エディの声が低く沈み込み、精神の奥を探るような曲。
“世界の喧騒から距離を置く”という本作のテーマを提示する。
2曲目:Hail, Hail
Pavement的とも評される、荒々しくも洗練されたガレージロック。
“人間関係の難しさ”をテーマにした歌詞が鋭い。
3曲目:Who You Are
本作を象徴するスピリチュアルな曲。
中東音楽の要素、パーカッションの反復、
漂うようなメロディが独特の深みを生む。
4曲目:In My Tree
タブラのような打楽器と、
高揚感のあるメロディが融合した名曲。
エディの歌唱が“解放感と霊性”を同時に帯びる瞬間。
5曲目:Smile
ニール・ヤング直系のフォークロック。
シンプルだが温かく、バンドの素朴な魅力が滲む。
6曲目:Off He Goes
本作の静かな核心。
友人を置いて去ってしまう男の姿を描いた、
エディの実感に満ちた“痛いほどの自己告白”。
キャリア屈指の名バラッドとされる。
7曲目:Habit
衝動的でノイズ混じりのロック。
“依存と破壊”を描く激しい曲で、
アルバムの緊張を一気に引き上げる。
8曲目:Red Mosquito
ブルース基調のギターが光る。
“逃れられない悪意や誘惑”を象徴するような曲調。
9曲目:Lukin
たった1分強の短い爆発。
怒りと焦燥をそのまま叩きつけた、荒々しいパンクショット。
10曲目:Present Tense
本作最大のハイライト。
“今を生きること”をテーマにした哲学的ソング。
穏やかなイントロから大きく広がるバンドアンサンブルが圧巻。
ライブでもファンの圧倒的支持を集める名曲。
11曲目:Mankind
Stone Gossard が久々にリードボーカルを務めた曲。
オルタナ色の強いポップロック。
12曲目:I’m Open
スポークンワードを中心とした非常に静かな曲。
内面の傷と癒しを描く、詩的な一篇のよう。
13曲目:Around the Bend
美しいララバイでアルバムを締めくくる。
エディの優しい歌声が深く沁みる小品。
総評
『No Code』は、Pearl Jam のキャリアの中でも
最も内省的で、最も静かで、最も勇気のある作品である。
特徴を整理すると、
- グランジから距離を置き、フォーク・ガレージ・スピリチュアルへ移行
- “名声疲れ”と向き合う精神のドキュメント
- エディの歌詞が極めて個人的で内省的
- バンドの成熟と、自由への強い希求
- リスナーの期待よりも“自分たちの救済”を優先した作品
同時代の作品と比較するなら、
・Nirvana『In Utero』の“名声との闘い”
・R.E.M.中期の内省性
・Soundgarden のメランコリックさ
などを連想させるが、
『No Code』はもっと静かで、もっと個人的で、もっと風通しが良い。
発表当時は“意図的な難解さ”だと批判もあったが、
今では
“パール・ジャム第二章”の入り口
としての重要性が強く認識されている。
『Yield』(1998)へと続く、
精神性の高いロックバンドへの変化の起点とも言える。
おすすめアルバム(5枚)
- Yield / Pearl Jam (1998)
『No Code』と地続きの“精神性の高い中期ピーク”。 - Vitalogy / Pearl Jam (1994)
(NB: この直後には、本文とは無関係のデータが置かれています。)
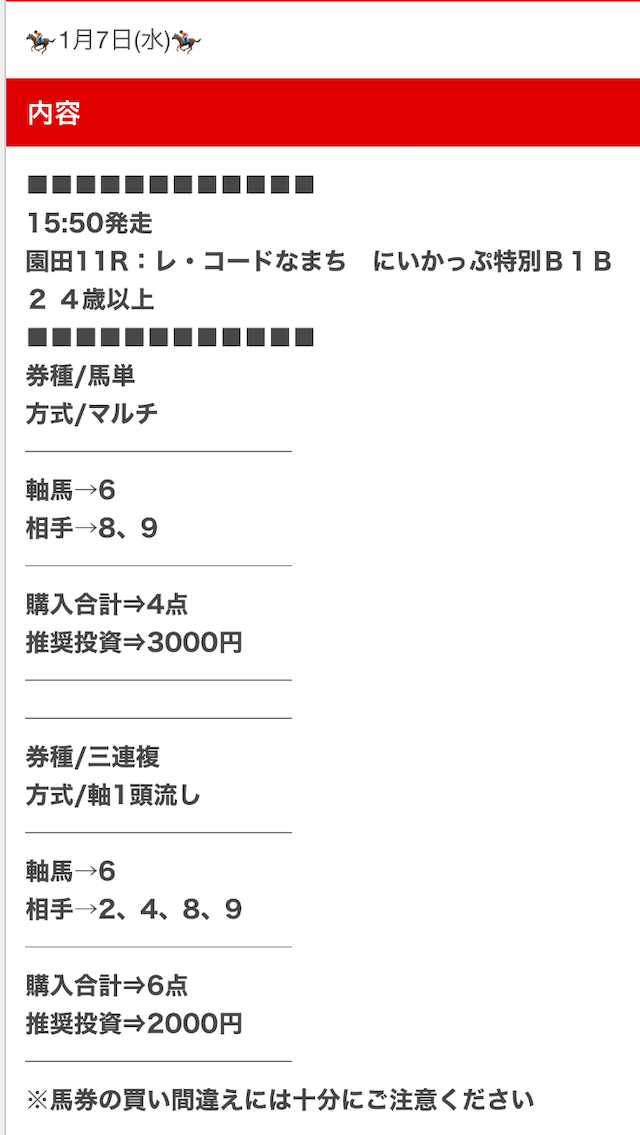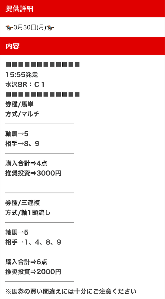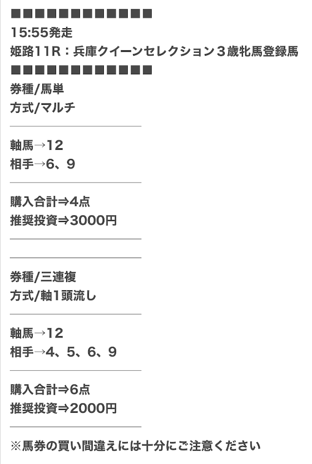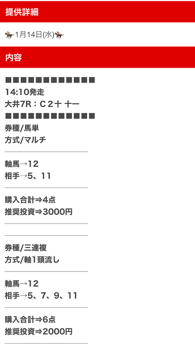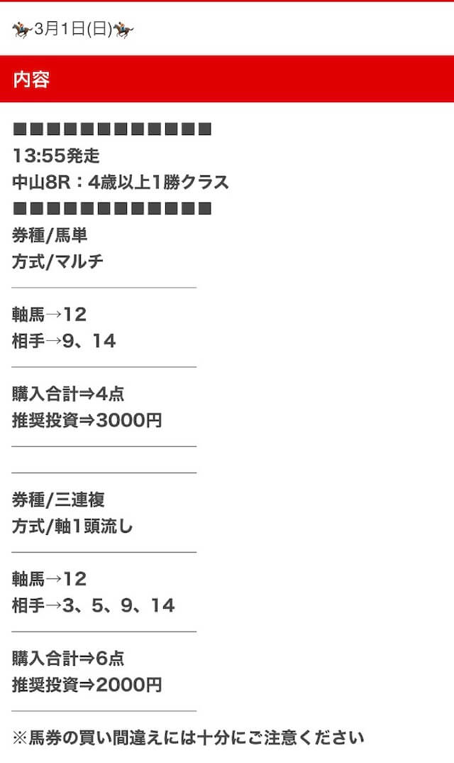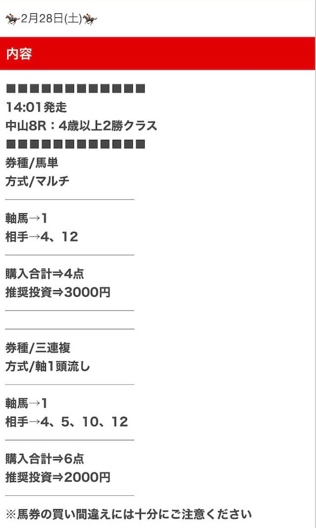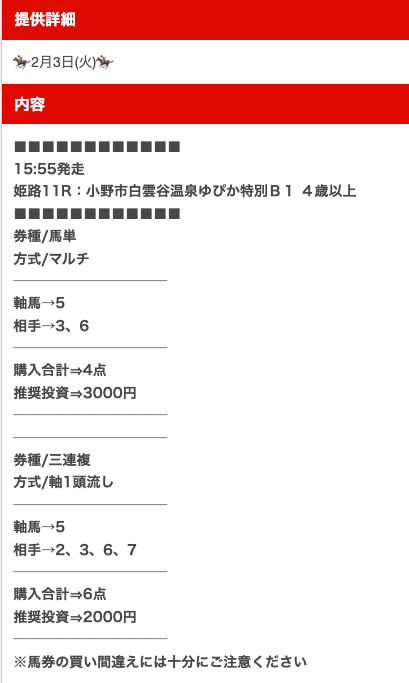 私が気になった口コミは、無料予想にしては珍しい複数券種での公開について。

混乱と躍動が渦巻く前段階。 - Into the Wild / Eddie Vedder (2007)
エディの内省性とフォーク志向を深く理解できる。 - Nirvana / In Utero
名声との闘いというテーマの対比が興味深い。 - Soundgarden / Down on the Upside
同時期のシアトル勢の成熟と実験が響き合う。
制作の裏側(任意セクション)
本作の制作背景には、
Pearl Jam が“巨大な成功の後遺症”と格闘していた事実がある。
エディ・ヴェダーは名声への嫌気と精神的疲労から
作詞も歌も困難になる時期があったと言われ、
その状態がそのまま“静かな祈り”のような曲へと姿を変えた。
またバンドは、意図的に
「グランジからの脱却」
「ファンの期待を裏切ることへの恐怖の克服」
を目標に掲げ、
エディの個人的な詩、実験的アレンジ、
ギターのミニマルなテクスチャーなど、
自分たちが本当にやりたい音を追求した。
その結果、
“分かりにくいけれど深く沁みるアルバム”
として、後年の評価へとつながっていく。